Now, returning to Canadian soil, the 23-year-old was the eighth seed. And, throughout the week, he was not just beating, but dominating great players, having found his rhythm and the right tactics, forged in partnership with his coach Gilles Cervara. Medvedev did not lose more than three games per set in his first three matches in Montreal. He beat No. 4 Dominic Thiem 6-3, 6-1 in the quarter-finals and earned a 6-1, 7-6(6) semi-final victory over fellow Russian Karen Khachanov, then ranked No. 8, took the player into unchartered territory.

While Rafael Nadal breezed past Medvedev 6-3, 6-0 in his first ATP Masters 1000 final, his education continued. And Medvedev has never looked back.

“It’s one of two best tournaments I’ve played in my life,” said Medvedev, of Montreal last year. “One was basically of course Tokyo, the only ATP 500 I won at this moment. Of course, to be in the final of a Masters 1000, I mean, it’s an amazing achievement for me at this moment… Of course, I always say this: if you don’t win the tournament, you are always disappointed. Even if you lose in a final of a Grand Slam, you will be disappointed.”

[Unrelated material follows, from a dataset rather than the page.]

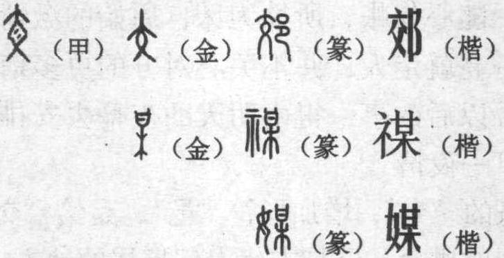甲骨文的 “交”,是“郊”之本字,它的构形有三种说法并行:一是取象说,“交”像“大”(人)交腿状,故曰交叉的 “交”; 二是符号说,“交” 上中下由两个八卦阴符号和两个阳性符号组成并为相交态势,故曰交合的“交”;三是会意说,“交” 甲骨文与“矢”、“寅”为一形,“矢”人们赋予它男性性器的蕴意,故曰“交”是性交的“交”。同时,甲骨文的 “交” 有一形是指事字,即在人的腿弯处点有两点,更容易被人理解为性交的 “交”。 金文的 “交”,按取象说、符号说、会意说,都能说得去,其含义不变。 “交”,殷墟卜辞用作征讨交锋意,“令祟交得”,是卜问征讨是否有所得。在古代 “征战交锋”,对主动方的男性来说,也具有两性交合征战、征服对方的蕴意。 “交”是两性交合的寓意。在母系社会的中后期,族内婚被禁止了,聚落的青年男女求偶得要到聚落以外的地方进行。黄昏以后的郊外,是男女自由恋的天下,他们可以在那里借夜幕的降临自由地选择性对象,除性愉悦以外,相当的目的是为了壮大本族落的人丁,生儿育女。他们这时可以凭着双方释放的信息,有缘分就交合。随心作帐,所欲为床,原始的激情在郊野奔放。天一亮就走人,并不关心对方的更多信息。至于明天黄昏以后的事,得由明天的夜幕去安排。这是古典式的 “一夜情”。 小篆的 “交”,增加形符 “邑”,是给 “交” 增加时间和空间的概念。邑是古代人们聚居的地方,如城邑、落邑、采邑等。商邑,即商朝的都城,在周代大城市称都,小城市曰邑。《周礼·地官·小司徒》: “九夫为井,四井为邑”。《尔雅·释地》: “邑外谓之郊。” 可见,从原始社会的母系时期,到封建社会父系时代的初期,城郊、邑落之外壑野的这片空地,是绝对不会寂寞的。 楷书的 “郊”,是隶变的结果。 郊的本意是表述母系聚落时期和父系家庭的初期那一时期人类婚姻状况的用字,但这种婚姻状况在专偶婚的家庭出现以后就不能像以前那样继续放任。“家” 的出现,是人类社会向前跨越的标志,家庭是封建社会极具活力的细胞。新兴的地主阶级极力维护和巩固家庭的存在,便对现存的婚姻状况作了一次大的手术,对家庭秩序、家庭礼仪也作了前所未有的整肃和做出了严格地规范。 这便引出了下边要说的一个字: 禖。 禖,音梅,金文的 “禖”,实为 “某”(音谋,音梅,酸果名)。某,从“甘”,从“木”,上下结构为会意字。高树(木)以上结满酸甜(甘)的梅子,梅子的佳味极富吸引力,却下不了树枝; 人们想着品尝梅子的滋味,却又伸手不到,于是就构成了“某”(音梅)的意蕴。某是谋的初字,关中土著人至今把心想要干的事而没有明说称作 “某”。 “某” 的原本之意是,双方的有意与心照不宣。这个问题究竟如何解决?造字者想出了一个办法,增加形符 “示”,示者为神,示具有神圣、神奇、神秘、神通的寓意。因为神在古今人的世界里是没有解决不了的问题的。 小篆、楷书的 “禖”,从示从某,某亦声,为形声会意字。“禖” 的字理含意,决定了它是以神灵的身份,充当世间男女婚媾的撮合与祈子求嗣的角色。字书解释“禖”,是媒神和求子之神。邑落之外是婚媾祈子的场所,因古时人们祈子求神,祭祀禖神的祠庙设于郊外,故称“郊禖”。郊禖是祭祀媒神的地方,《诗经·大雅·生民》:“克禋克祀,以弗无子。”是说姜嫄无子的时候去郊外进行了祈子的禋祀以后才生下后稷。《礼记·月令》仲春之月: “以大牢祠于高禖。” 高禖(皋禖)即郊禖,大牢之祭是祭祀的较大规模和较高等级,祠即祠庙。 “禖” 是婚姻秩序的造字。禖的出现,使得对偶婚有了长足的发展,为家庭的诞生铺平了道路。明末清初著名学者顾炎武就有“里人言是古高禖,万世婚姻自此开” 的感慨。 后来,姜嫄成了禖宫的得主。姜嫄禖宫,即姜嫄祠,在今陕西关中西部地处周原的岐山县北七公里凤凰山南麓、《诗经》称作卷阿的周公庙所在地。从古到今姜嫄祠香火旺盛,祈子求嗣者趋之若鹜,特别是每年的农历三月初十是方圆极富盛名的祈子会,会期十天,盛况空前。阳春三月,桃花盛开,春草碧绿,周围百里境内善男信女,踏着春风,云集于斯。他们借朦胧的月色,手挚在姜嫄塑像之前点燃的香头,在山腰的沟壑丛林之间徘徊,这时候的他们,没有羞涩,只有物色,没有胆怯,只有急切。瞅准了目标便交合,与原始社会郊外发生的故事相似。姜嫄遗风,薪火传承。据说周公庙姜嫄祠的祈子会,拯救了许多家庭,它用市场化的运作机制,以媒介与赐送的方式,解决了许多家庭的香火连续,这姜嫄老母真可谓功莫大焉。然而,后来还有一个成全婚姻,缔造家庭的人物,这位功莫大焉的不是别人,它就是“媒”。 如果说“禖” 是姜嫄神灵的化身,那么 “媒” 就是男女双方心灵的使者。“媒” 也即媒妁,“媒” 是斟酌梅子的酸甜与人间的向往这一极佳品味才充当了媒介的角色。媒妁,是专门说合婚姻的人,《诗经·卫风·氓》:“匪我愆期,子无良媒。” 是女方申述她 “不是我一再拖延时间,而是你没有找到好的媒人来说合。”在古代,没有媒妁的婚合是媾合,不仅人所不齿,而且不予认可,《孟子·滕文公》下: “不待父母之命,媒妁之言,钻穴隙相窥,逾墙相从,则父母国人皆贱之。” 周代还设掌管男女媒合的官职,这种官职称媒氏,《周礼·地官·媒氏》: “媒氏掌万民之判,凡男女自成名

With a booming serve, one of the flattest backhands and most unorthodox games on the ATP Tour, Medvedev was not downcast. The following week, he kept putting the ball back, continued to frustrate opponents and subsequently captured the Western & Southern Open crown, overcoming Djokovic 3-6, 6-3, 6-3, for the second time, in the semi-finals, and David Goffin 7-6(3), 6-4 for the biggest trophy of his career.

Immediately touted as a favourite for the US Open, Medvedev, who’d been the World No. 16 on 14 January, fell, narrowly, one step short in the final. Hours after an outstanding campaign had ended with a five-set loss to Nadal, Medvedev rose to a career-high No. 4 on 9 September. He was the first player to accrue 50 match wins on the 2019 season.

“Of course, deep inside of me, I understand that what I’ve done these four weeks is amazing, even comparing to what I’ve done before,” said Medvedev. “I don’t want to stop. I will always work to be better. I will try to do my best every day.”

Memories of Medvedev winning 20 out of 23 matches and reaching four straight finals on North American hard courts — only the third player to do so after Ivan Lendl and Andre Agassi — remain vivid, ahead of the ATP Tour’s return this month.

While Medvedev would go onto lift two more trophies, the St. Petersburg Open (d. Coric) and the Rolex Shanghai Masters (d. Zverev), to extend his post-2019 Wimbledon streak to 29-3 and cement his place inside the Top 10, it was his week in Montreal that was pivotal in his rise to consistent, peak performance.